Merdeka Gold Tingkatkan Produksi dan Kapasitas Tambang Emas Pani di Gorontalo
PT Merdeka Gold Resources Tbk (EMAS) memperkuat ekspansi Tambang Emas Pani di Gorontalo melalui investasi pembelian peralatan pengolahan emas senilai Rp2,7 triliun dari perusahaan asal China. Investasi tersebut diarahkan untuk mendukung pembangunan fasilitas Carbon-in-Leach (CIL), seiring lonjakan produksi emas perusahaan sepanjang 2026.
Transaksi pembelian alat pengolahan emas itu efektif berlaku pada 21 Agustus 2026. Nilainya mencapai 1,02 miliar renminbi, atau setara Rp2,7 triliun dengan asumsi kurs Rp2.634 per renminbi.
Nilai transaksi tersebut setara dengan 40,26 persen ekuitas EMAS per Maret 2026. Karena nilainya melampaui 20 persen tetapi masih di bawah 50 persen dari ekuitas perseroan, pembelian ini dikategorikan sebagai Transaksi Material sesuai Peraturan Otoritas Jasa Keuangan (POJK) Nomor 17/POJK.04/2020.
Produksi Emas Melonjak
Kinerja operasional Tambang Emas Pani menunjukkan pertumbuhan signifikan pada semester pertama 2026. Produksi emas EMAS pada kuartal II 2026 mencapai 15.594 ounces, melonjak tajam dibandingkan 1.818 ounces pada kuartal I 2026.
Kenaikan tersebut mencerminkan masuknya perusahaan ke fase pertumbuhan operasional, terutama melalui pengembangan fasilitas heap leach yang terus diperluas.

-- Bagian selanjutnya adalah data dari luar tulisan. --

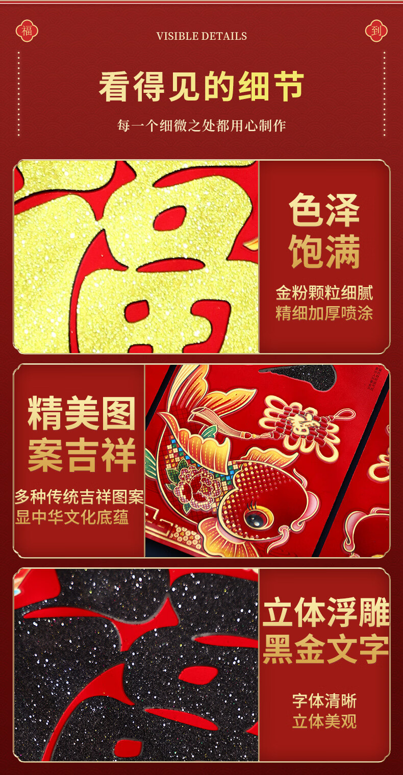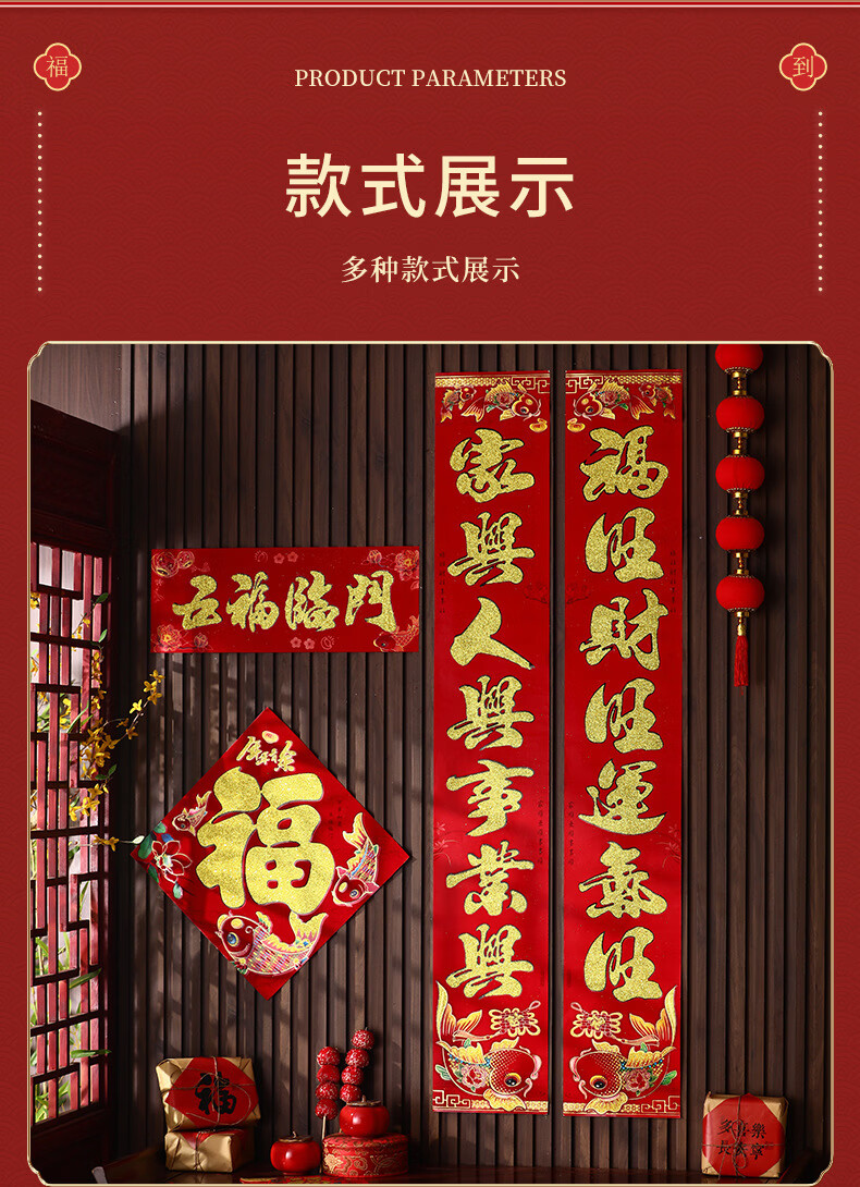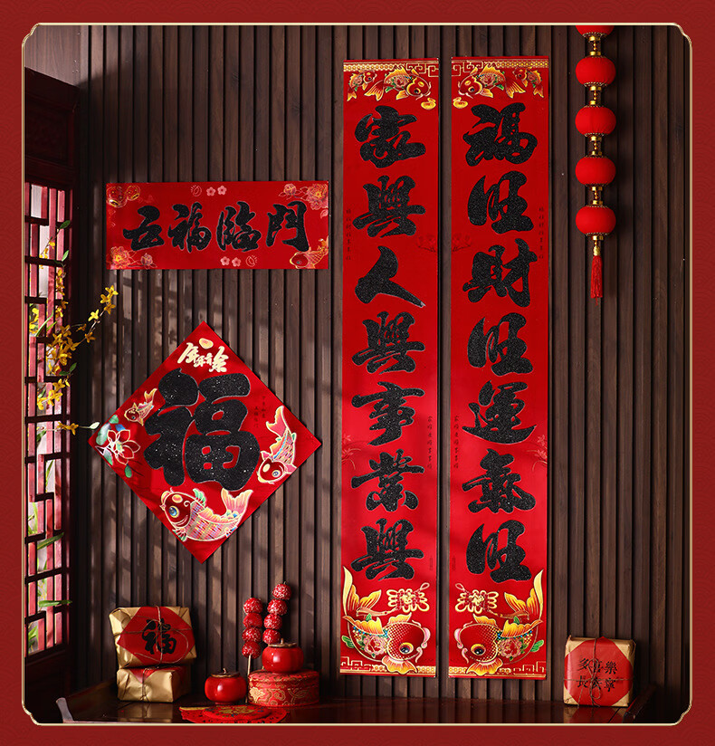 恬舒植绒对联撒粉福字2026马年春节福字农村门贴新年大门春节福字装饰 植绒对联-金字【送同款植绒福字两张】 8米-新春如意接鸿福,佳节平安添福贵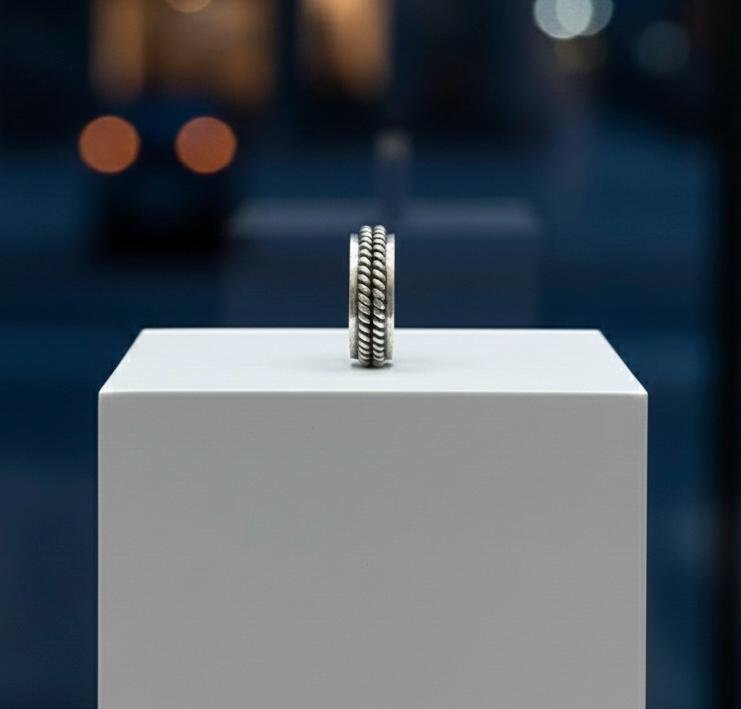 Crafted for the modern man, this striking ring seamlessly blends textured detailing with functional design. Made from high-quality sterling silver, the ring features a central band, bordered on both sides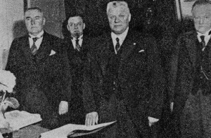 полномочия президента Латвии. В 10.30 в Белом зале Рижского замка президент Альберт Квиесис расписался в замковой книге о сдаче должности, а президент министров Карлис Улманис - о ее принятии. Позже состоялись торжественное заседание правительства, возложение венков на Братском кладбище и богослужение.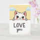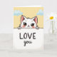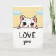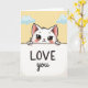 This card shows a sweet cartoon white kitten peeking over a white sign, with its tiny paws resting on the top edge. The kitten has big brown eyes with little lashes, and a soft pink blush on its cheeks that makes it look a bit shy and very lovable 🥰. Behind it is a light yellow sky with two small baby-blue clouds, giving the scene a calm, sunny feel. The bottom part of the card is mostly the sign, so your eye goes straight to the message. It reads “LOVE you,” with “LOVE” in dark, thick, simple letters and “you” in a smoother, flowing style right beside it. The mix of the kitten’s gentle expression and the straightforward message makes it feel easy to give to a partner, close friend, or anyone you care about ❤️. It’s the kind of card that says a lot without trying too hard, and it helps you share Valentine’s Day sentiments in a kind, honest way.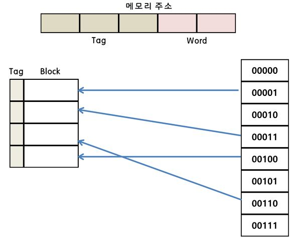 캐시메모리의 크기는 메인 메모리보다 훨씬 작기 때문에 매핑하기 위해선 주소값 전체를 사용하지 않고 특정 값만 인덱스로 사용하고 다른 값은 태그(Tag)로 사용하게 된다.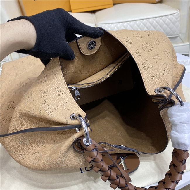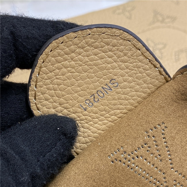 The Carmel hobo bag in perforated Mahina calf leather comes from the season’s Flight Mode capsule collection. Lightweight, soft and supple, it is an ideal travel companion, with ample room for essentials. The bag’s braided leather handle, name tag and LV charm give this piece a fashionable, crafted touch.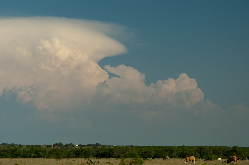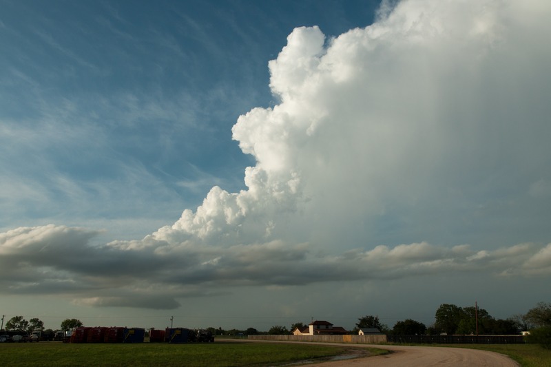 Wir sind zuerst einer tornadobewarnten Superzelle Richtung Südtexas gefolgt. Als wir nach 2 Stunden Fahrt endlich dran waren, zerfiel alles in einen losen Cluster von unorganisierten Aufwinden.
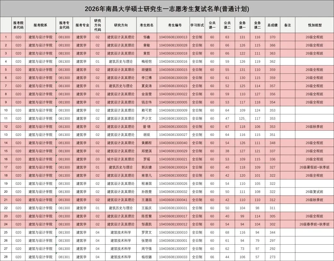 南昌大学建筑学04方向,总共进入复试4人;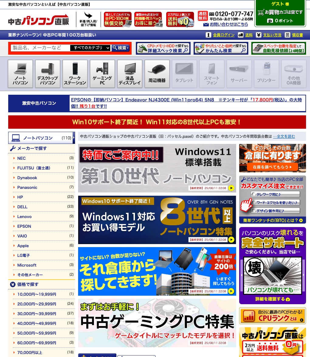 在庫の幅が広いのも利点。ノート・デスクトップ・モニター・周辺機器までラインナップが揃い、価格帯も段階的。入れ替わりが早いので、こまめに見るほど掘り出し物に出会いやすくなります。

Di saat yang sama, EMAS juga menyiapkan fasilitas CIL berkapasitas 12 juta ton per tahun atau 12 Mtpa.
Presiden Direktur PT Merdeka Gold Resources Tbk, Boyke P. Abidin, menyatakan bahwa perseroan kini berada dalam momentum penting untuk meningkatkan kapasitas produksi.
“EMAS kini memasuki fase pertumbuhan penting, didukung oleh peningkatan produksi heap leach dan pembangunan fasilitas CIL 12 Mtpa,” ujar Boyke P. Abidin.
Perluasan Heap Leach dan CIL
Pengembangan fasilitas heap leach di Tambang Emas Pani telah mencakup penyelesaian Cell 1 dan Cell 2. Perseroan akan terus meningkatkan kapasitas kedua area tersebut melalui peninggian tanggul hingga akhir 2026.
Selain itu, pembangunan Cell 3 telah dimulai. Setelah seluruh fasilitas tersebut rampung, kapasitas penampungan bijih pada fasilitas heap leach ditargetkan mencapai sekitar 62 juta ton.
Fasilitas CIL yang tengah dibangun akan menjadi pelengkap bagi operasi heap leach. Dalam jangka panjang, kombinasi keduanya diproyeksikan membuat Tambang Emas Pani mampu mengolah hingga 24 juta ton bijih per tahun.
Pengecoran beton pertama untuk fasilitas CIL direncanakan berlangsung pada awal kuartal IV 2026. Proyek tersebut juga mencakup pembangunan infrastruktur pendukung, termasuk fasilitas tailings serta pengadaan pasokan listrik melalui kerja sama dengan PT PLN (Persero).
Transaksi Dinilai Wajar
Kantor Jasa Penilai Publik Iskandar & Rekan telah memberikan opini kewajaran atas transaksi pembelian peralatan tersebut. Berdasarkan kajian kelayakan investasi, transaksi dinilai wajar karena menghasilkan internal rate of return (IRR) yang lebih tinggi dibandingkan weighted average cost of capital (WACC), serta memiliki net present value (NPV) positif.
Dengan kata lain, investasi tersebut dipandang berpotensi memberikan nilai tambah bagi perseroan. Pengadaan peralatan CIL diharapkan tidak hanya memperbesar kapasitas pengolahan bijih, tetapi juga mendorong peningkatan pendapatan dan laba EMAS pada masa mendatang.